The two other Interior agencies participating in the program--the Fish 
and Wildlife Service and the Bureau of Land Management also report 
deferred maintenance backlogs of about $1 billion and $330,000, 
respectively. We do not have any information at this time on the 
effectiveness of the program in reducing these backlogs.

The Forest Service also has an estimated $8 billion maintenance backlog 
most of which is needed to maintain forest roads and bridges. In 
September 2003, we reported that the Forest Service (like the Park 
Service) had no effective means for measuring how much of the fee 
demonstration revenues it had spent on deferred maintenance or the 
impact that the fee program had had on reducing its deferred 
maintenance needs.[Footnote 4] Although the Forest Service has 
recognized the significance of its deferred maintenance problem, it 
does not have a systematic method for compiling the information needed 
to provide a reliable estimate of its deferred maintenance needs. 
Furthermore, the agency has not developed a process to track deferred 
maintenance expenditures from fee demonstration revenues. As a result, 
even if the agency knew how much fee revenue it spent on deferred 
maintenance, it could not determine the extent to which these revenues 
had reduced its overall deferred maintenance needs. Forest Service 
officials provided several reasons why the agency had not developed a 
process to track deferred maintenance expenditures from the 
demonstration revenues. First, they said that the agency chose to use 
its fee demonstration revenue to improve and enhance on-site visitor 
services rather than to develop and implement a system for tracking 
deferred maintenance spending. Second, the agency was not required to 
measure the impact of fee revenues on deferred maintenance. Finally, 
because the fee demonstration program was temporary, agency officials 
had concerns about developing a process for tracking deferred 
maintenance, not knowing if the program would subsequently be made 
permanent.

H.R. 3283 would provide participating agencies with a permanent source 
of funds to supplement existing appropriations and to better address 
maintenance backlogs. Furthermore, by making the program permanent, 
H.R. 3283 could provide participating agencies like the Forest Service 
with an incentive to develop a system to track their deferred 
maintenance backlogs.

H.R. 3283 Provides Agencies Additional Flexibility in Distributing 
Collected Fee Revenues:

The existing fee demonstration program requires federal land management 
agencies to maintain at least 80 percent of the fee revenues for use 
on-site.
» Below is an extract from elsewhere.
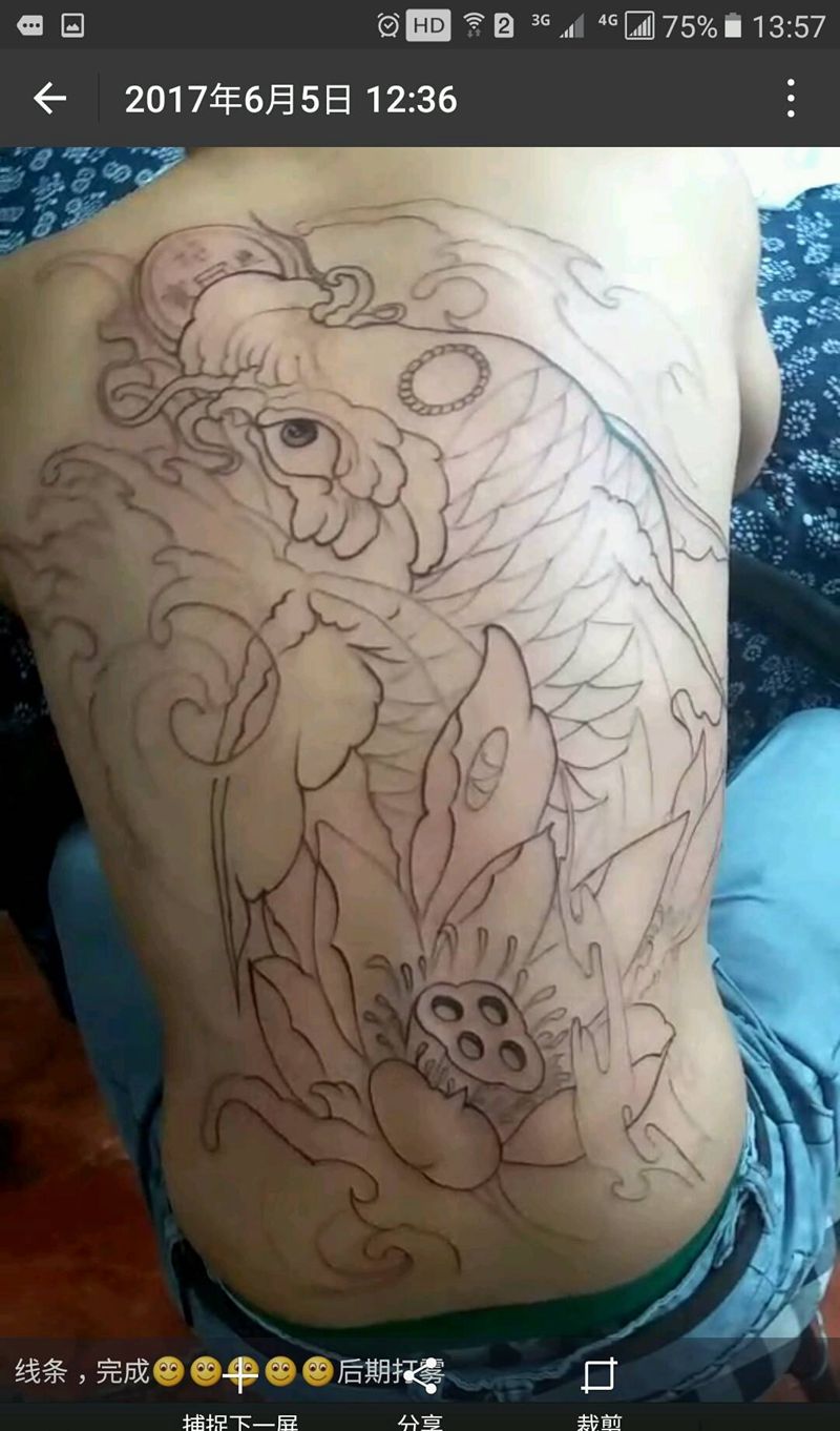 当前位置: 首页 >河南省安阳市纹身店-安阳圣青纹身工作室纹身图案>后背鱼,线条完成纹身图片

In a 1998 report, we suggested that, in order to provide 
greater opportunities to address high priority needs of the agencies, 
the Congress consider modifying the current requirement to grant 
agencies greater flexibility in using fee revenues.[Footnote 5] H.R. 
3283 provides the agencies with flexibility to reduce the percentage of 
revenues spent on-site down to 60 percent.
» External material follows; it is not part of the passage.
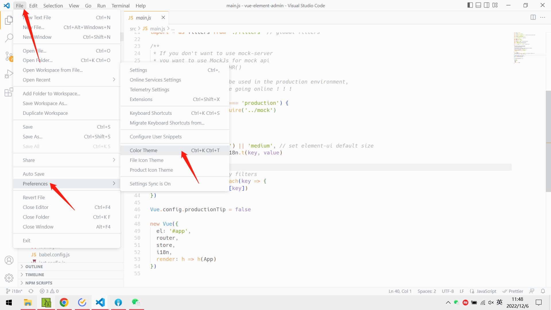 File -> Preferences -> Color Theme

We also reported that the requirement that at least 80 percent of the 
revenues be maintained for use at the collection site may inadvertently 
create funding imbalances between sites and that some heavily visited 
sites may reach a point where they have more revenues than they need 
for their projects, while other sites would still fall short.[Footnote 
6] In 1999, we testified that some demonstration sites were generating 
so much revenue as to raise questions about their long-term ability to 
spend these revenues on high-priority items.[Footnote 7] In contrast, 
we warned that sites outside the demonstration program, as well as 
demonstration sites that did not collect as much in fee revenues, may 
have high-priority needs that remained unmet. As a result, some of the 
agencies' highest-priority needs might not be addressed. Our testimony 
indicated that, at many sites in the demonstration program, the 
increased fee revenues amounted to 20 percent or more of the sites' 
annual operating budgets, allowing such sites to address past unmet 
needs in maintenance, resource protection, and visitor services. While 
these sites could address their needs within a few years, the 80-
percent requirement could, over time, preclude the agencies from 
redistributing fee revenues to meet more pressing needs at other sites. 
Our November 2001 report confirmed that such imbalances had begun to 
occur.[Footnote 8] Officials from the land management agencies 
acknowledged that some heavily visited sites with large fee revenues 
may eventually collect more revenue than they need to address their 
priorities, while other lower-revenue generating sites may have limited 
or no fee revenues to meet their needs.

To address this imbalance, we suggested that the Congress consider 
modifying the current requirement that 80 percent of fee revenue be 
maintained for use by the sites generating the revenues to allow for 
greater flexibility in using fee revenues. H.R. 3283 would still 
generally require agencies to maintain at least 80 percent of fee 
revenues for use on-site. However, if the Secretary of the Interior 
determined that the revenues collected at a site exceeded the 
reasonable needs of the unit for which expenditures may be made for 
that fiscal year, under H.R. 3283 the Secretary could then reduce the 
percentage of on-site expenditures to 60 percent and transfer the 
remainder to meet other priority needs across the agency.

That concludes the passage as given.